Your assignment: Retype the lines from the first one in the records down to the line containing "12月28日,山東省住房和城", counting both, and leave out any pictures.

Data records
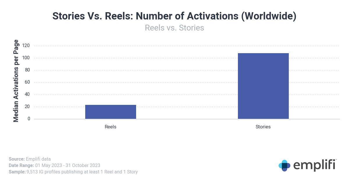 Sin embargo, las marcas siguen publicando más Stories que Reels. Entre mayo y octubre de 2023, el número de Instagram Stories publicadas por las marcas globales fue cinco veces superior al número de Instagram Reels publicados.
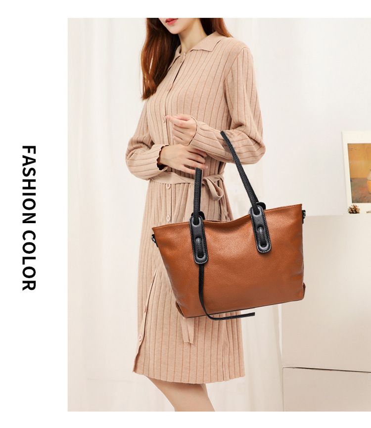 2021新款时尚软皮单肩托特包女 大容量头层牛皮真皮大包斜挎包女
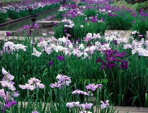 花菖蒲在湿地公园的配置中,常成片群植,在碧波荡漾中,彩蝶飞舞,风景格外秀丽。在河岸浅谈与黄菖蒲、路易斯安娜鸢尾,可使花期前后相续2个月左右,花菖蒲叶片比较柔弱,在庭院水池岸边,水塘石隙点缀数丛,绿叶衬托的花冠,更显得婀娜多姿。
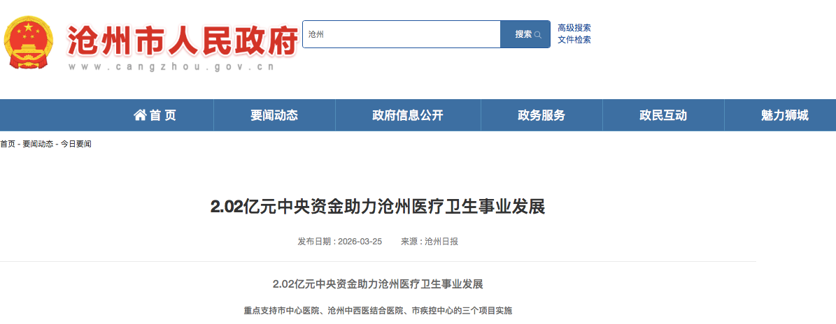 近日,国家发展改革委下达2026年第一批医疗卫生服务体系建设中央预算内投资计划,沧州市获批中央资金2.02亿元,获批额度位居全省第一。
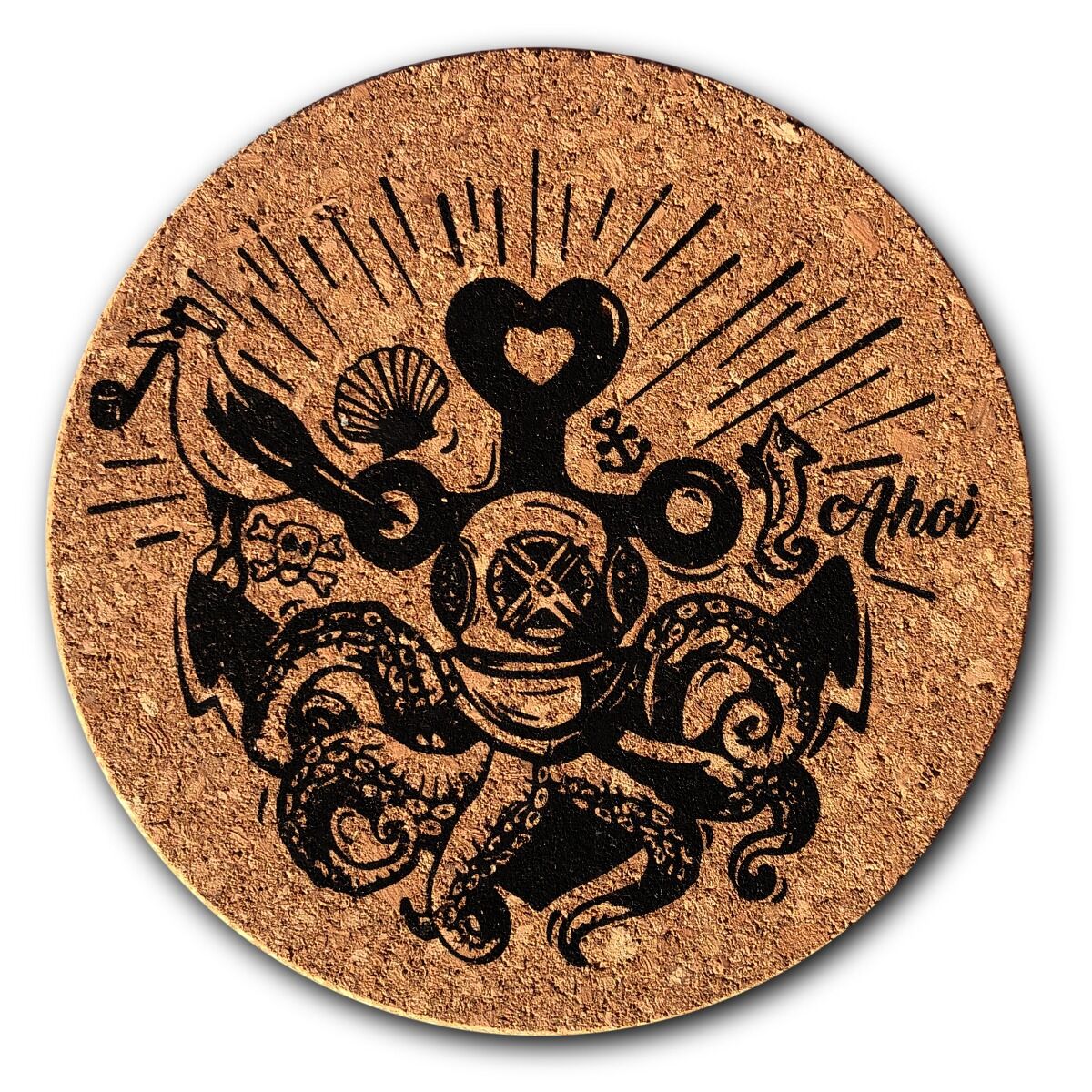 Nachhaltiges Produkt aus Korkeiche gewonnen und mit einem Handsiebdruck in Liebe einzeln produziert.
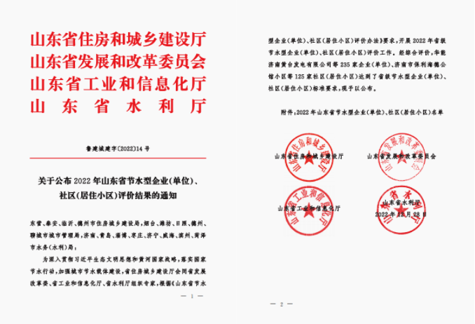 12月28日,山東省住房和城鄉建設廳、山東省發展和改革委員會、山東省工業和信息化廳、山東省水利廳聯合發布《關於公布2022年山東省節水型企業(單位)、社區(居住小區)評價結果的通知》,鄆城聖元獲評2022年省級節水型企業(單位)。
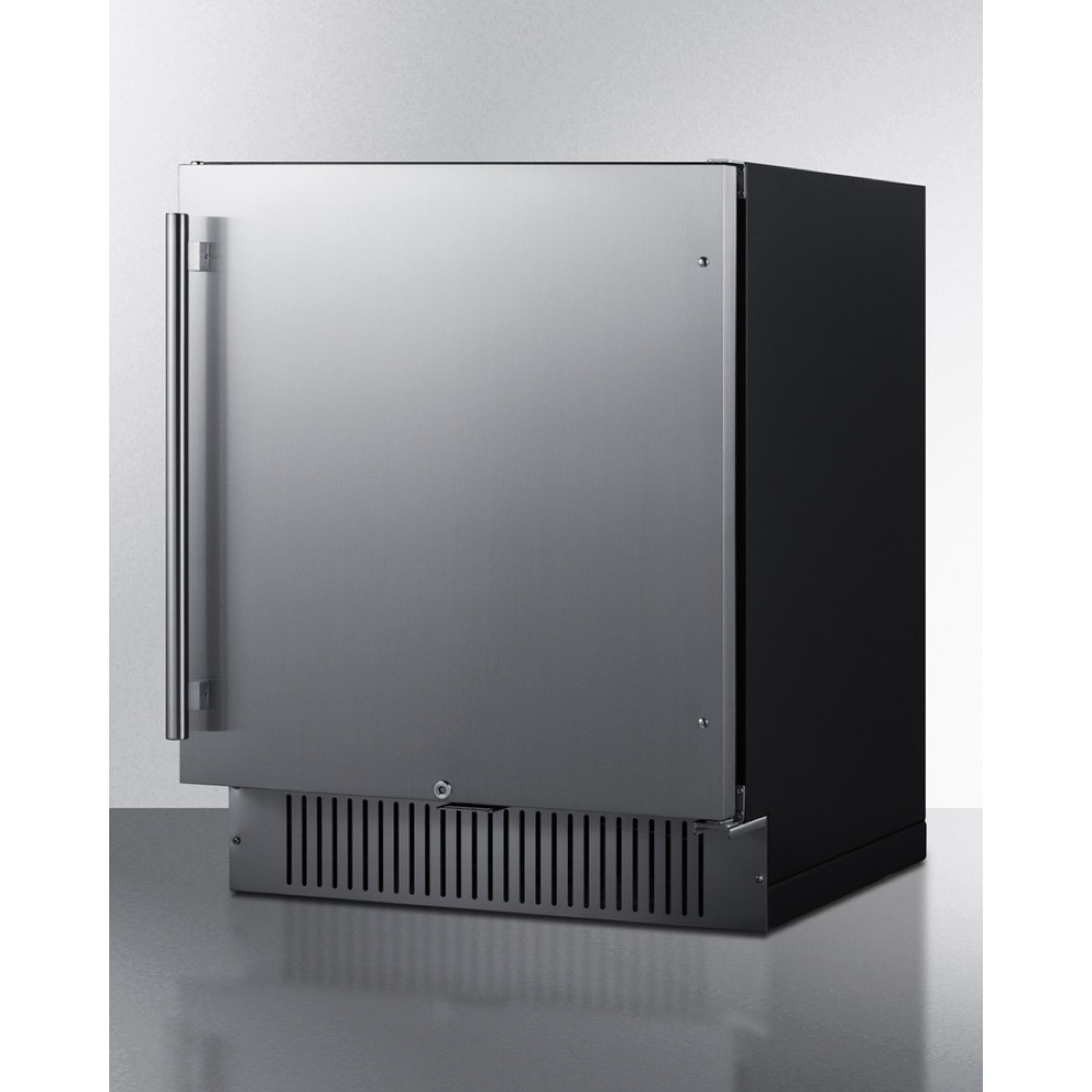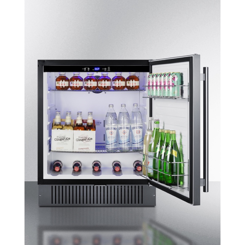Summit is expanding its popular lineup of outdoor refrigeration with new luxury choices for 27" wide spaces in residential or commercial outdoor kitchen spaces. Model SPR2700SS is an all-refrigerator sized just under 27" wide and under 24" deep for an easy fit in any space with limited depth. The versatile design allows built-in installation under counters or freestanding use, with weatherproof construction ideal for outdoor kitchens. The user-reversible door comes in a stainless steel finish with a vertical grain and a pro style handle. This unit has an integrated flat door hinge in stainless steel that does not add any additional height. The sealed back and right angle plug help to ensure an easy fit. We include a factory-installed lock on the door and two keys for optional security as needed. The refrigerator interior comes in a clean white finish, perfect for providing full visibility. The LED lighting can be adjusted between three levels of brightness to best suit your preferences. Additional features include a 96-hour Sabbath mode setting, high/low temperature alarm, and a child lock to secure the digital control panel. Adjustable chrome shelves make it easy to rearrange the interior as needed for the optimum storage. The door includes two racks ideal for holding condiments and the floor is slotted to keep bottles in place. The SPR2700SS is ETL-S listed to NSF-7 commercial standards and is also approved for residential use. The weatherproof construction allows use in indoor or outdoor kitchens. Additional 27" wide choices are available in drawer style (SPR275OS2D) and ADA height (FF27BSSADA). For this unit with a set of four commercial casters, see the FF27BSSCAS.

Expected answer:
 Sin embargo, las marcas siguen publicando más Stories que Reels. Entre mayo y octubre de 2023, el número de Instagram Stories publicadas por las marcas globales fue cinco veces superior al número de Instagram Reels publicados.
 2021新款时尚软皮单肩托特包女 大容量头层牛皮真皮大包斜挎包女
 花菖蒲在湿地公园的配置中,常成片群植,在碧波荡漾中,彩蝶飞舞,风景格外秀丽。在河岸浅谈与黄菖蒲、路易斯安娜鸢尾,可使花期前后相续2个月左右,花菖蒲叶片比较柔弱,在庭院水池岸边,水塘石隙点缀数丛,绿叶衬托的花冠,更显得婀娜多姿。
 近日,国家发展改革委下达2026年第一批医疗卫生服务体系建设中央预算内投资计划,沧州市获批中央资金2.02亿元,获批额度位居全省第一。
 Nachhaltiges Produkt aus Korkeiche gewonnen und mit einem Handsiebdruck in Liebe einzeln produziert.
 12月28日,山東省住房和城鄉建設廳、山東省發展和改革委員會、山東省工業和信息化廳、山東省水利廳聯合發布《關於公布2022年山東省節水型企業(單位)、社區(居住小區)評價結果的通知》,鄆城聖元獲評2022年省級節水型企業(單位)。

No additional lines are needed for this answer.